That same month, the Spice Girls attracted a crowd of 500,000 when they switched on the Christmas lights in Oxford Street, London. At the same time, Fuller started to set up multi-million dollar sponsorship deals for the Spice Girls with Pepsi, Walkers, Impulse, Cadbury and Polaroid. The group ended 1996 winning three trophies at the Smash Hits awards at the London Arena, including best video for "Say You'll Be There".

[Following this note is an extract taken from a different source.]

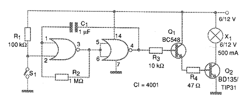 En la figura mostramos otra aplicación interesante para el circuito integrado 4001. Este circuito hace que una lámpara parpadee produciendo flashes en la frecuencia de 1 Hz, determinados por el capacitor C1. Las lámparas de hasta 500 mA pueden controlarse con el transistor BD135 y con el uso del TIP31 lámparas de potencias mayores se pueden utilizar. El transistor de potencia debe montarse en un radiador de calor y la alimentación puede realizarse con tensiones de 6 a 12 V según la lámpara. Una aplicación interesante para este circuito es en señalización automotriz. Observe que el circuito posee una llave de accionamiento de bajo consumo que se utiliza para controlarlo sin la necesidad de actuar directamente sobre la alimentación. Esto significa que en lugar de esta llave podemos utilizar sensores de bajo consumo como reed-switches en sistemas de alarmas. En este caso, basta con sustituir la lámpara por un buen oscilador de audio, un timbre o un relé que acciona un sistema potente.

==== International success ====
In January 1997, "Wannabe" was released in the United States. It proved to be a catalyst in helping the Spice Girls break into the US market when it debuted on the Hot 100 Chart at number eleven. At the time, this was the highest-ever debut by a non-American act, beating the previous record held by the Beatles for "I Want to Hold Your Hand", and the joint highest entry for a debut act alongside Alanis Morissette's "Ironic". "Wannabe" reached number one in the US for four weeks. In February, Spice was released in the US, and became the best-selling album of 1997 in the US, peaking at number one, and was certified 7× Platinum by the RIAA for sales in excess of 7.4 million copies. The album was also included in the Top 100 Albums of All Time list by the Recording Industry Association of America (RIAA) based on US sales. In total, the album sold more than 23 million copies worldwide becoming the best-selling album in pop music history by an all-female group.

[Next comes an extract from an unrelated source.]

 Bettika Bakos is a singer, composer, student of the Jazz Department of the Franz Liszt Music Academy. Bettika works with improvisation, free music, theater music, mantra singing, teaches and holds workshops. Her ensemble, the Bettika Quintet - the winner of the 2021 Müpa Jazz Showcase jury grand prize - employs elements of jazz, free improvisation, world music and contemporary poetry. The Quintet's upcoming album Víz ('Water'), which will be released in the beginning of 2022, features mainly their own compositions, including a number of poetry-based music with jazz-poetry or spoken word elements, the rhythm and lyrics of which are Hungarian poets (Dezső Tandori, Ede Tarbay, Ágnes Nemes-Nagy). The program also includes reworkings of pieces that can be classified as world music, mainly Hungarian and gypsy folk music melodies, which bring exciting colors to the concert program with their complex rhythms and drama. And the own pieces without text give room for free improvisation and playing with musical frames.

The dress has gone down in history – along with Liz Hurley's safety-pin frock and Princess Diana's "revenge" gown – as one of the most memorable fashion moments of all time.
— — Harper's Bazaar on Geri Halliwell's Union Jack dress at the 1997 Brit Awards

Later that month, the Spice Girls performed "Who Do You Think You Are" to open the 1997 Brit Awards, with Geri Halliwell wearing a Union Jack mini-dress that became one of pop history's most famed outfits. At the ceremony, the group won two Brit Awards; Best British Video for "Say You'll Be There" and Best British Single for "Wannabe". In March 1997, a double A-side of "Mama"/"Who Do You Think You Are" was released in Europe, the last from Spice, which once again saw them at number one, making the Spice Girls the first group since the Jackson 5 to have four consecutive number-one hits.

Girl Power!, the Spice Girls' first book, was launched later that month at Virgin Megastore. It sold out its initial print run of 200,000 copies within a day, and was eventually translated into more than 20 languages. In April, One Hour of Girl Power was released; it sold 500,000 copies in the UK between April and June to become the best-selling pop video ever, and was eventually certified thirteen times platinum. In May, Spice World, a film starring the group, was announced by the Spice Girls at the Cannes Film Festival. The group also performed their first live UK show for the Prince's Trust benefit concert. At the show, they breached royal protocol when Brown and then Halliwell planted kisses on Prince Charles' cheeks and pinched his bottom, causing controversy. That same month, Virgin released Spice Girls Present... The Best Girl Power Album... Ever!, a multi-artist compilation album compiled by the group. It reached number two on the UK Compilation Chart and was certified Gold by the BPI. At the Ivor Novello Awards, "Wannabe" won the awards for International Hit of the Year and Best-Selling British Single.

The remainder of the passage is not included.